Dans le cas qui nous occupe, cet argument est d’autant moins recevable que comme le dit Étienne Poncelet dans son communiqué « la restauration du palais Rameau […] est maintenant engagée et budgétisée depuis plusieurs mois. Cette opération dont le chantier doit démarrer prochainement n’a pas à être mis en balance avec le budget de l’opération du site de la chapelle. » Il y a bien ici une forme de chantage auquel il est regrettable que le ministère de la Culture se prête.

Une fois de plus, la direction générale des Patrimoines qui est clairement à la manœuvre dans cette affaire, refuse de faire son travail et conseille la ministre de la Culture de ne pas faire le sien.
Tout cela est très grave. Une lettre ouverte au président de la République, signée notamment par Stéphane Bern, a été publiée il y a deux jours sur Twitter. On y voit aussi la signature de Jacquie Buffin, « adjointe honoraire de Pierre Mauroy, maire de Lille, déléguée à la Culture et au Patrimoine », qui s’oppose ainsi ouvertement à la municipalité actuelle, pourtant l’héritière de Pierre Mauroy, ce qui prouve s’il le fallait que ce type de combat patrimonial n’est pas politique.
Il n’est d’ailleurs pas non plus franco-français puisque l’ONG européenne Europa Nostra dont l’objectif est la défense du patrimoine, vient de s’engager à ce sujet en acceptant d’être associé aux opposants au projet de destruction.

L’association Urgence Patrimoines [2] a engagé un recours pour contester, devant le tribunal administratif, la décision de ne pas poser d’instance de classement sur la chapelle.

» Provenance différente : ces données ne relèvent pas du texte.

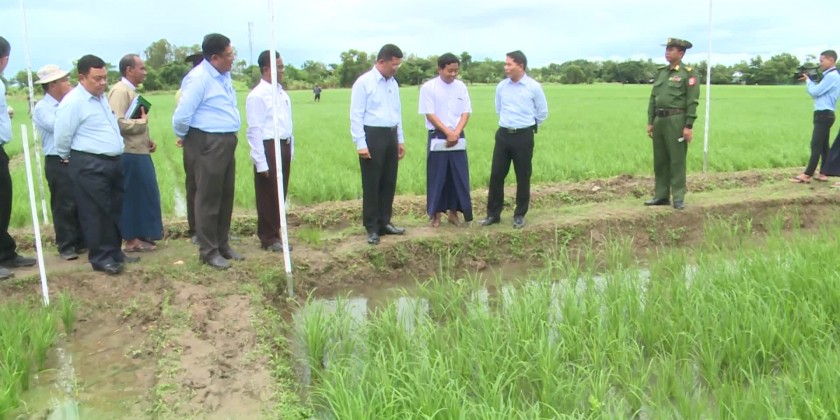 Durint his tour in Ayeyawaddy Region, the Union Minister together with Chief Minister U Tin Maung Win visited the Sar Ma Lauk Village Farmers Awareness camp in Nyaungdone Township to comfort the flood affected farmers and clarify the assistance to be provided by the government.

Nous ne pouvons qu’espérer qu’il puisse être utile, même si ses chances de victoire nous paraissent hélas, par expérience, fort minces. Ce qui semble désormais pouvoir plus sûrement empêcher la destruction scandaleuse de cette chapelle est une mobilisation de tous les amoureux du patrimoine : n’hésitez pas à envoyer des mails et des messages à l’Élysée et au ministère de la Culture, ni à signer la pétition lancée par Urgences Patrimoine qui demande une instance de classement.

Didier Rykner

Notes

[1L’Yncrea, qui a acheté cette chapelle, est une fédération d’associations regroupant plusieurs écoles d’ingénieur, qui est elle-même une partie de la Catho de Lille.

[2Remarquons par ailleurs que cette association a proposé un contre-projet très mauvais et qui, s’il était mis en œuvre, ne serait pas beaucoup moins destructeur que la démolition pure et simple de la chapelle. Il s’agirait en effet notamment de cloisonner entièrement l’intérieur et de construire une serre sur le toit ! Il est regrettable que la lettre au président de la République y fasse référence.